I'm sending you my love and support. Keep doing what you know is right. It's all you/we can do.

Hugs,
Angela

(You are so right - Susan Boyle also has an incredible voice! I enjoyed hearing it so much.)

hele said...

so true, that sometimes by trying to shield someone we love me stop them from growing. my love just sulked out of the house about twenty minutes ago and i am trying to just sit here and let it be rather than try and rush into how i can fix things.

your mail is helping with this process a LOT.

Walker said...

KIds never make it easy and never will until the learn to take care of themselves.
I have two to deal with.
One is working and the other goes to school but doesn't want to do anything else but have all her kids by the time she is 25.
She doesnt care if she finishes school or not and she doesnt even have a GF.
Nuts nuts nuts and when I tell her to do something she laughs.
If it was one of my friends laughing at me like that they would be in the hospital.
Go figure, damn kids

justme said...

Grrrr!
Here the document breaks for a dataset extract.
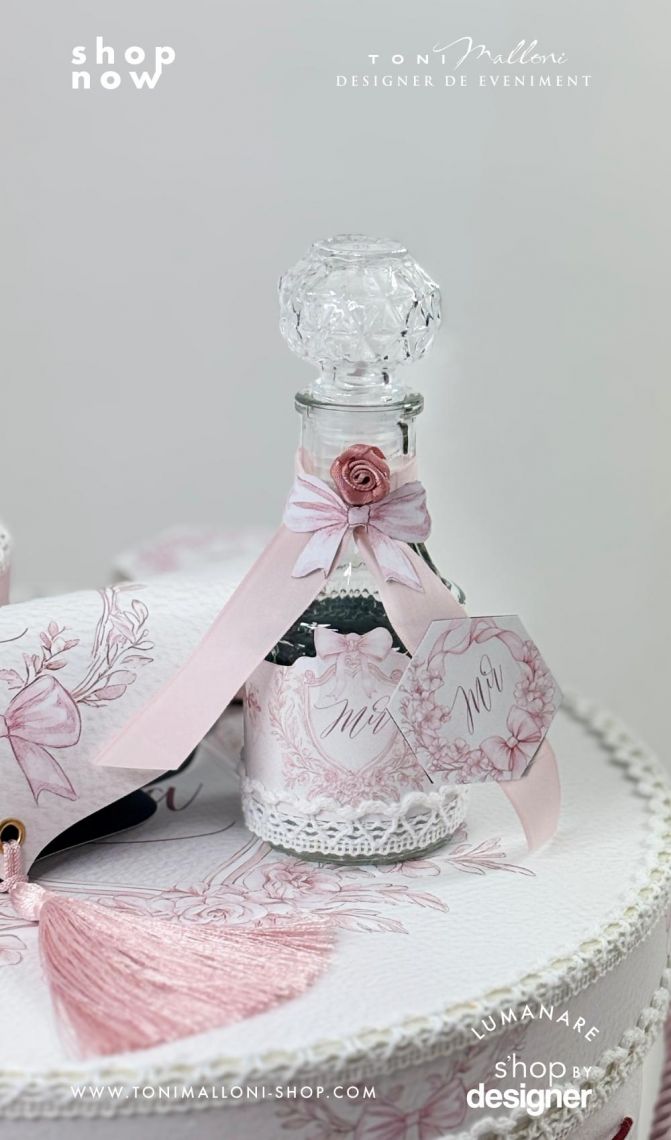 – sticluță pentru mir decorată manual, în tonuri delicate de roz și grena

Kids! ....Hug!

Miss Robyn said...

did you not know, that as a baby girl comes down the birth canal, and her gorgeous little head appears.. the drs.. stamp 'GUILT' upon her forehead.. to be there forever.. haunting her? well, that is my theory..

damn teenagers... my baby just turned 20 and I sure hope she turned the corner to adulthood as well...

nitebyrd said...

You're definitely doing the right thing. Children are born with the ability to push every button we have - to their advantage.

I'm dealing with something very similar right now. Boys!